[Raw data — start]
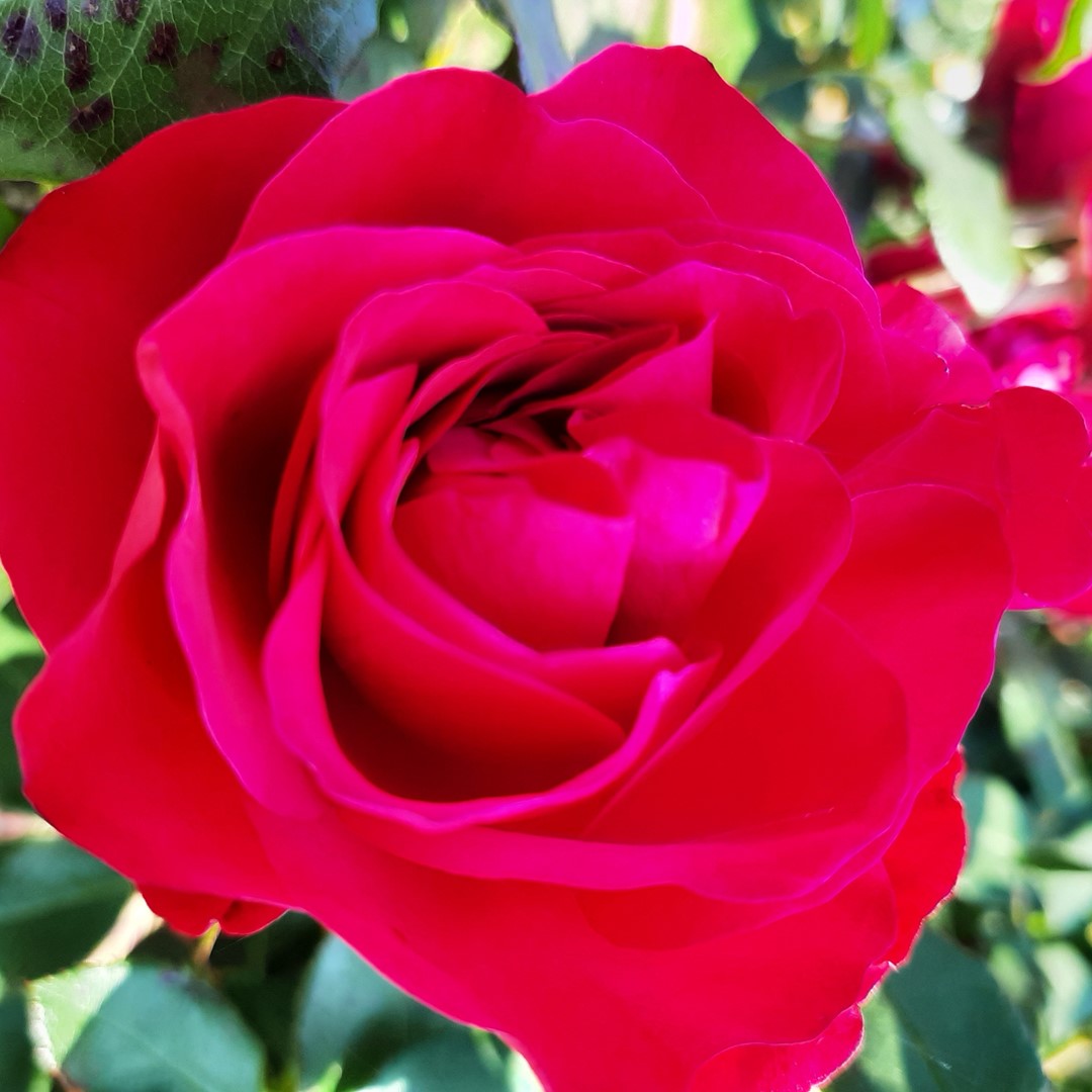 Deze roos heeft mooie rode bloemen die de hele zomer doorbloeien.
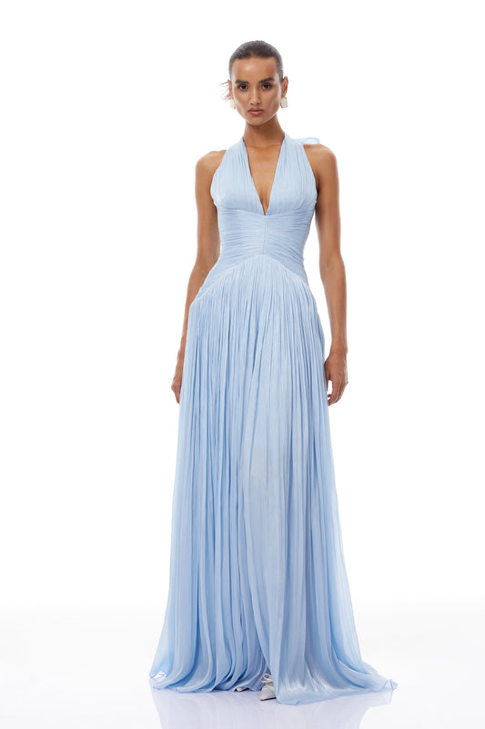 Térébenthine Blue Glossy Gathered Maxi Dress
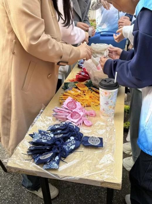 香囊制作区,志愿者们耐心指导参与者搭配中药材料,介绍不同配方的养生功效,亲手缝制的香囊承载着传统智慧与美好祝愿。
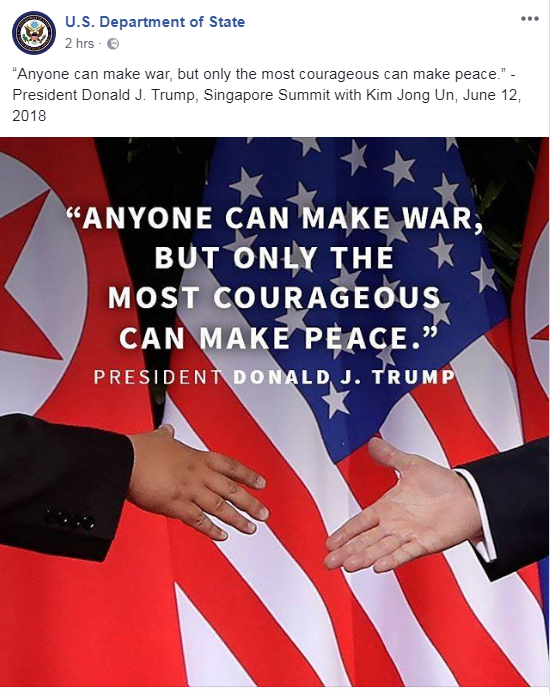 “Çdokush mund të bëjë luftë, por vetëm më të guximshmit mund të bëjnë paqe”. Kështu u shpreh Presidenti amerikan Donald Trump, në Samitin e Singaporit, ku u takua me Kim Jong Un. Këtë shprehje ka zgjedhur ta vecojë Departamenti amerikan i Shtetit duke e shpërndarë në rrjetet sociale si thënie e ditës.
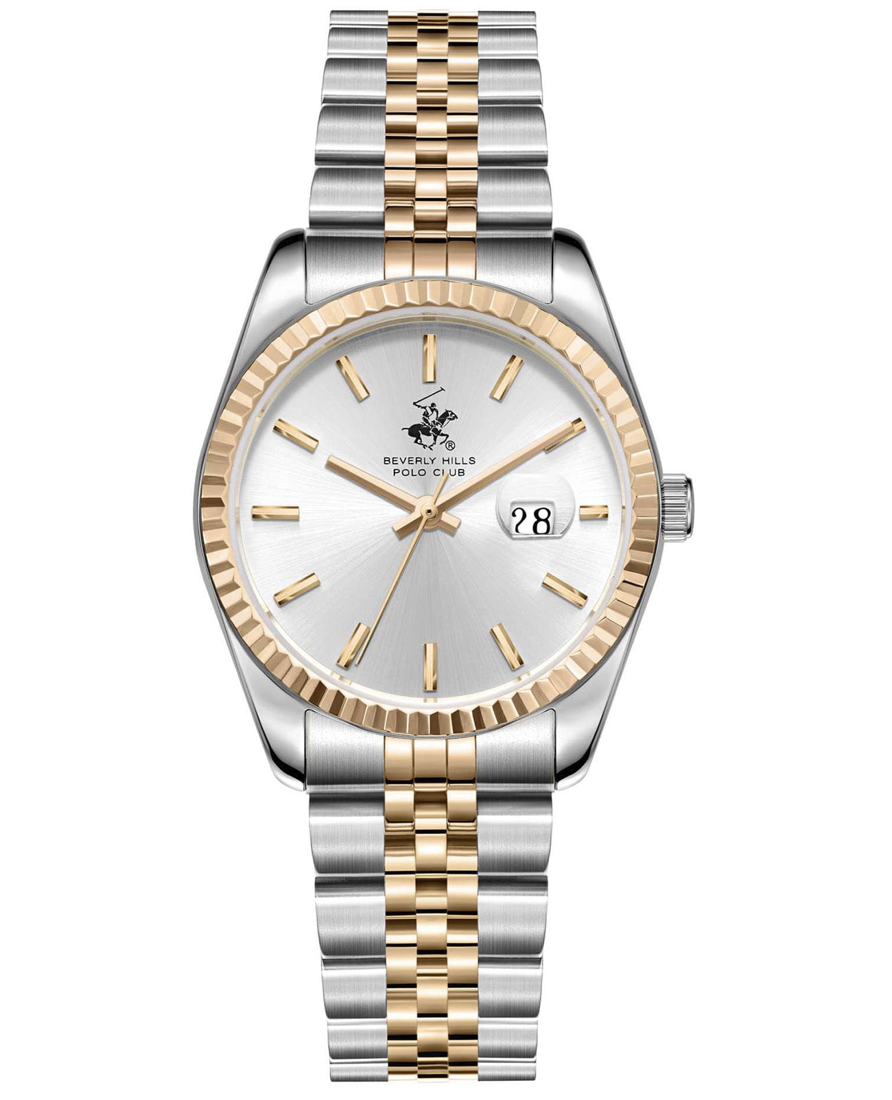 Женские кварцевые часы Beverly Hills Polo Club — это аксессуар, подчеркивающий индивидуальность и элегантность. Корпус диаметром 31 мм выполнен из нержавеющей стали. безельБезельВнешний ободок, закрепляющий стекло. В спортивных часах так называется поворотное кольцо с делениями на циферблате, выполняет роль таймера – замеряет отрезки времени на шкале. Неподвижный безель – элемент декора. Однонаправленно вращающийся безель на дайверских часах позволяет фиксировать моменты погружения и выныривания на поверхность. с IP-покрытиемIP-покрытиеМетод ионного напыления. Демонстрирует повышенную устойчивость к истиранию, окислению и химическим веществам. Под воздействием высокого давления и температуры около 1500°C молекулы металла надёжно соединяются с частицами корпуса часов. цвета розового золота. Циферблат серебристого цвета оформлен штрихами, стрелками и окошком даты в положении 3 часов. Циферблат защищён минеральным стекломМинеральное стеклоМинеральное стекло представляет собой искусственно выращенный минерал кварца. Такое стекло отличается особой устойчивостью к повреждениям и царапинам. Уступает по некоторым качествам сапфировому стеклу. с сапфировым покрытием. Часы оснащены стальным браслетом с частичным IP-покрытиемIP-покрытиеМетод ионного напыления. Демонстрирует повышенную устойчивость к истиранию, окислению и химическим веществам. Под воздействием высокого давления и температуры около 1500°C молекулы металла надёжно соединяются с частицами корпуса часов. на застёжке «бабочка» с кнопкамиЗастёжка "бабочка"Такой вид застёжки дополняется предохранителями, помогающими избежать случайного раскрытия браслета. Обладают изящным исполнением. . Водонепроницаемость 30 м позволяет использовать часы в повседневных условиях. Идеальный выбор для тех, кто ценит американское качество и универсальный дизайн.
[Raw data — finish]
Transcribe the records above exactly, skipping pictures.

 Deze roos heeft mooie rode bloemen die de hele zomer doorbloeien.
 Térébenthine Blue Glossy Gathered Maxi Dress
 香囊制作区,志愿者们耐心指导参与者搭配中药材料,介绍不同配方的养生功效,亲手缝制的香囊承载着传统智慧与美好祝愿。
 “Çdokush mund të bëjë luftë, por vetëm më të guximshmit mund të bëjnë paqe”. Kështu u shpreh Presidenti amerikan Donald Trump, në Samitin e Singaporit, ku u takua me Kim Jong Un. Këtë shprehje ka zgjedhur ta vecojë Departamenti amerikan i Shtetit duke e shpërndarë në rrjetet sociale si thënie e ditës.
 Женские кварцевые часы Beverly Hills Polo Club — это аксессуар, подчеркивающий индивидуальность и элегантность. Корпус диаметром 31 мм выполнен из нержавеющей стали. безельБезельВнешний ободок, закрепляющий стекло. В спортивных часах так называется поворотное кольцо с делениями на циферблате, выполняет роль таймера – замеряет отрезки времени на шкале. Неподвижный безель – элемент декора. Однонаправленно вращающийся безель на дайверских часах позволяет фиксировать моменты погружения и выныривания на поверхность. с IP-покрытиемIP-покрытиеМетод ионного напыления. Демонстрирует повышенную устойчивость к истиранию, окислению и химическим веществам. Под воздействием высокого давления и температуры около 1500°C молекулы металла надёжно соединяются с частицами корпуса часов. цвета розового золота. Циферблат серебристого цвета оформлен штрихами, стрелками и окошком даты в положении 3 часов. Циферблат защищён минеральным стекломМинеральное стеклоМинеральное стекло представляет собой искусственно выращенный минерал кварца. Такое стекло отличается особой устойчивостью к повреждениям и царапинам. Уступает по некоторым качествам сапфировому стеклу. с сапфировым покрытием. Часы оснащены стальным браслетом с частичным IP-покрытиемIP-покрытиеМетод ионного напыления. Демонстрирует повышенную устойчивость к истиранию, окислению и химическим веществам. Под воздействием высокого давления и температуры около 1500°C молекулы металла надёжно соединяются с частицами корпуса часов. на застёжке «бабочка» с кнопкамиЗастёжка "бабочка"Такой вид застёжки дополняется предохранителями, помогающими избежать случайного раскрытия браслета. Обладают изящным исполнением. . Водонепроницаемость 30 м позволяет использовать часы в повседневных условиях. Идеальный выбор для тех, кто ценит американское качество и универсальный дизайн.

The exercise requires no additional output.